The Coroner’s Office may collect personal property that is determined to be of evidentiary value or for safe keeping. Real property, such as residential dwellings, buildings, or automobiles are sealed or secured until the legal next of kin is identified. In most cases, property determined not be of value to the investigation, will be turned over to the legal next of kin. Prescription medications or contraband will be disposed, destroyed or turned over to law enforcement officials. In the event the legal next of kin cannot be located, the Coroner will work with the Bonner County Public Administrator for disposition of the property.
Copies of Reports
Reports generated by the Bonner County Coroner’s Office are subject to public view only after the conclusion of the investigation. These reports are available upon written request, and appropriate fees are forwarded. The reports do not included protected health information and reports or documents obtained from other agencies.
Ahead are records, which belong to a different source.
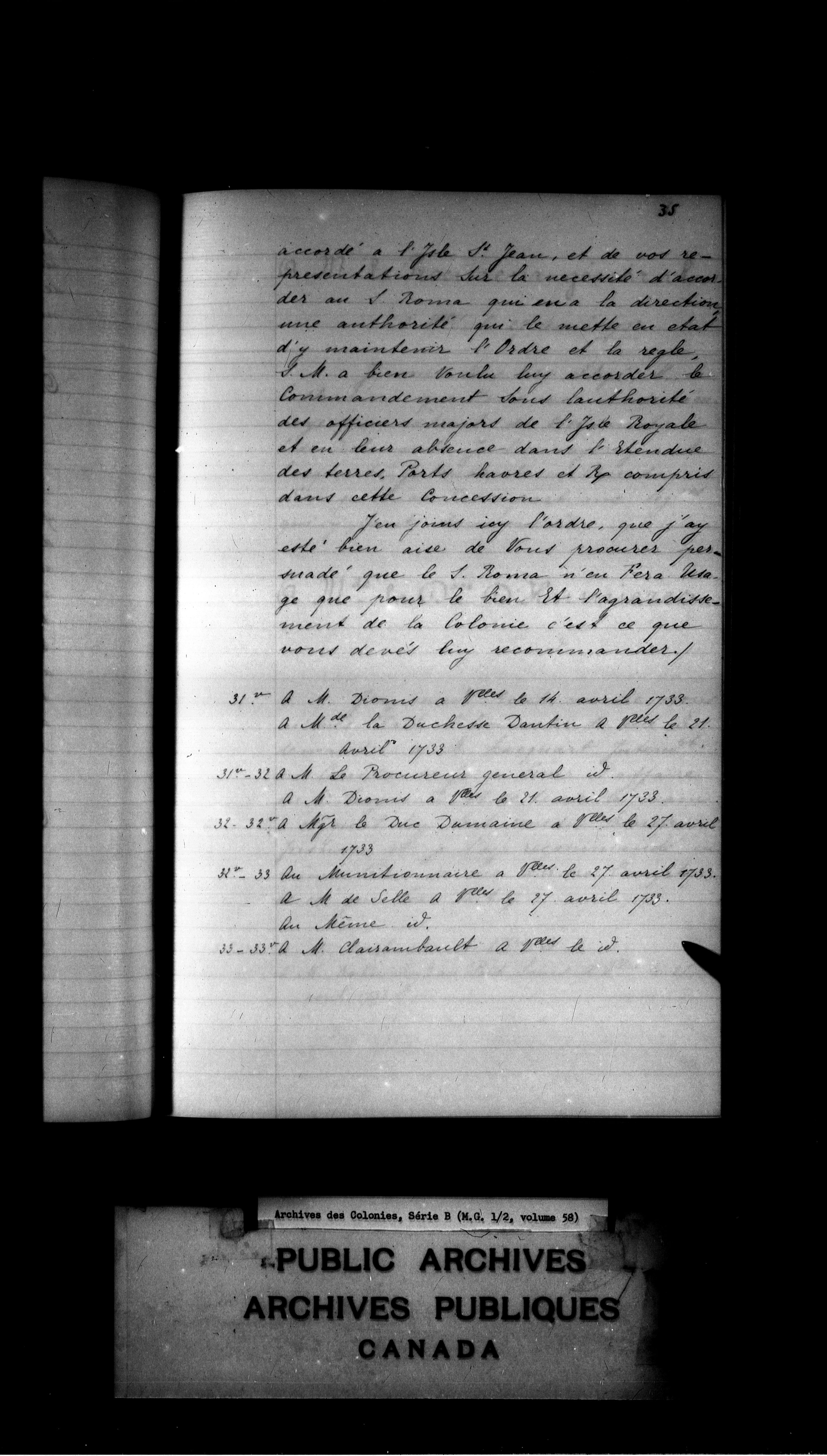 France: Archives des Colonies, Séries B, Lettres envoyées, 1663-1789 - 4191
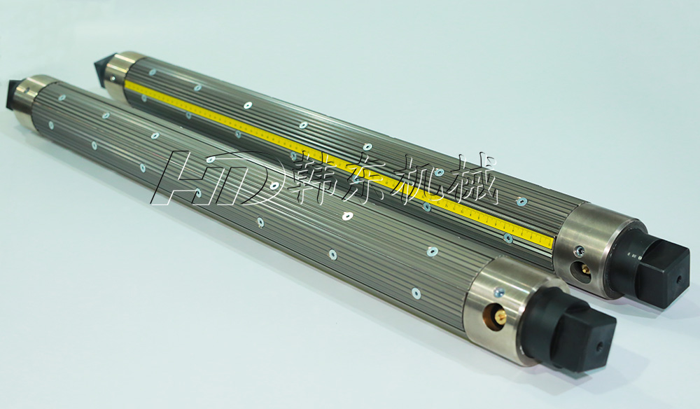 3、通键式气胀轴:通键式气胀轴为表面五爪键条,分为橡胶/铝条/PU等,适用生产各类纸芯管,运用于高转速,高载重,并能调整材料偏移,属于加强型气涨轴,主要以铜箔机,压纹机等高端素材,可依客户需求量制。
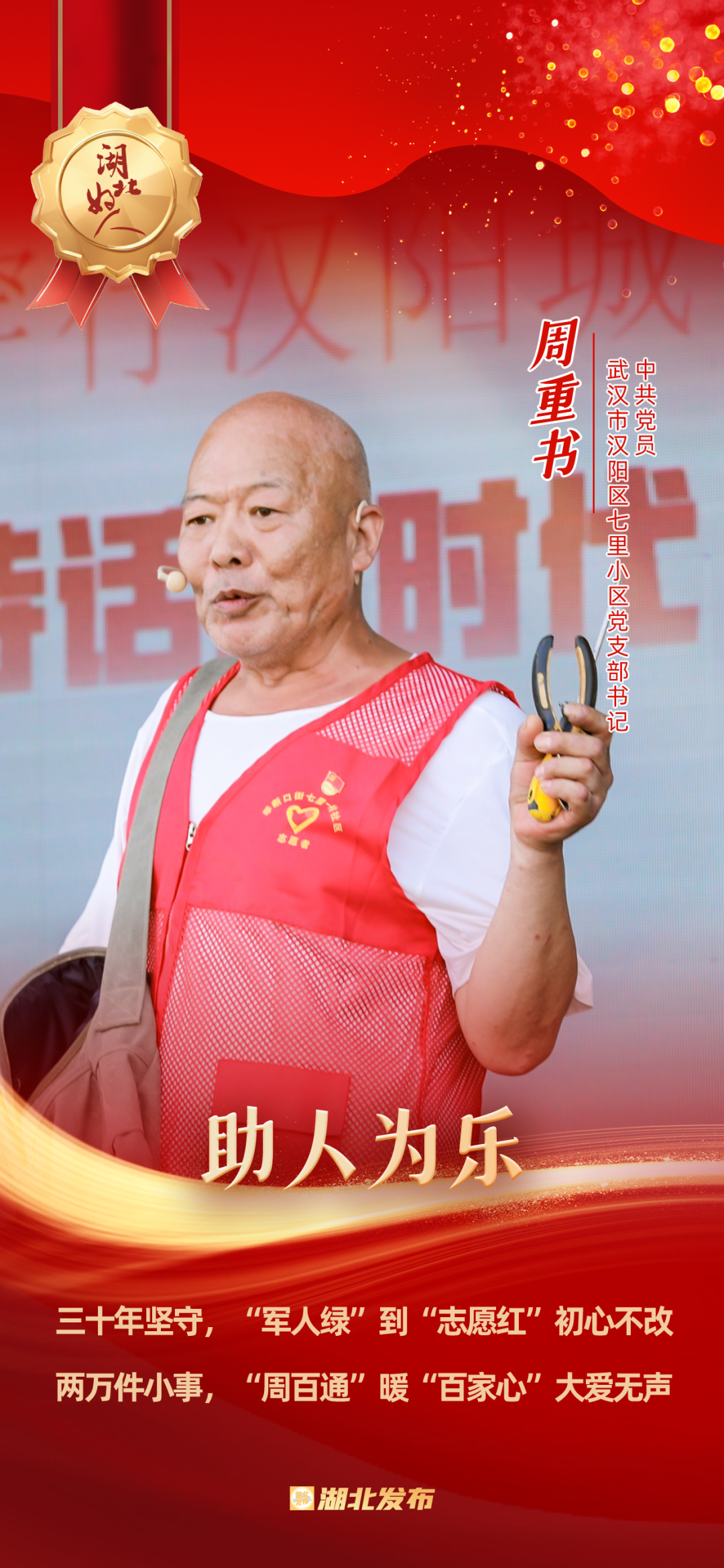 1973年在部隊(duì)入黨,1976年轉(zhuǎn)業(yè)到武漢家具廠,2009年被選為社區(qū)黨委委員,2023年榮獲“武漢楷?!狈Q號(hào)……今年75歲的周重書(shū)是一名退伍老黨員,在部隊(duì)曾兩次榮立三等功,在工廠也多次被評(píng)為先進(jìn)工作者和模范標(biāo)兵。

Identification and Viewing
Contrary to popular belief, visual identification by family or friends is not usually necessary. Many methods are used to identify remains by the Coroner’s Office. In most cases, photographic identification is all that is required. Occasionally, other methods, such as fingerprints, tattoos, jewelry, X-rays, utilized for positive identification. We understand that family may want to view their loved one as soon as possible. It is recommended that this be done at the funeral home facility. We will work with funeral homes to insure this can be accomplished as quickly as possible.
Organ and Tissue Donation
The Bonner County Coroner’s Office supports the efforts by the various organ and tissue donation organizations. We will make every effort to accommodate the wishes of families to donate. The Coroner will evaluate the circumstances surrounding the death and determine if donation can proceed. The Coroner may consult with the Prosecuting Attorney of Bonner County, if needed.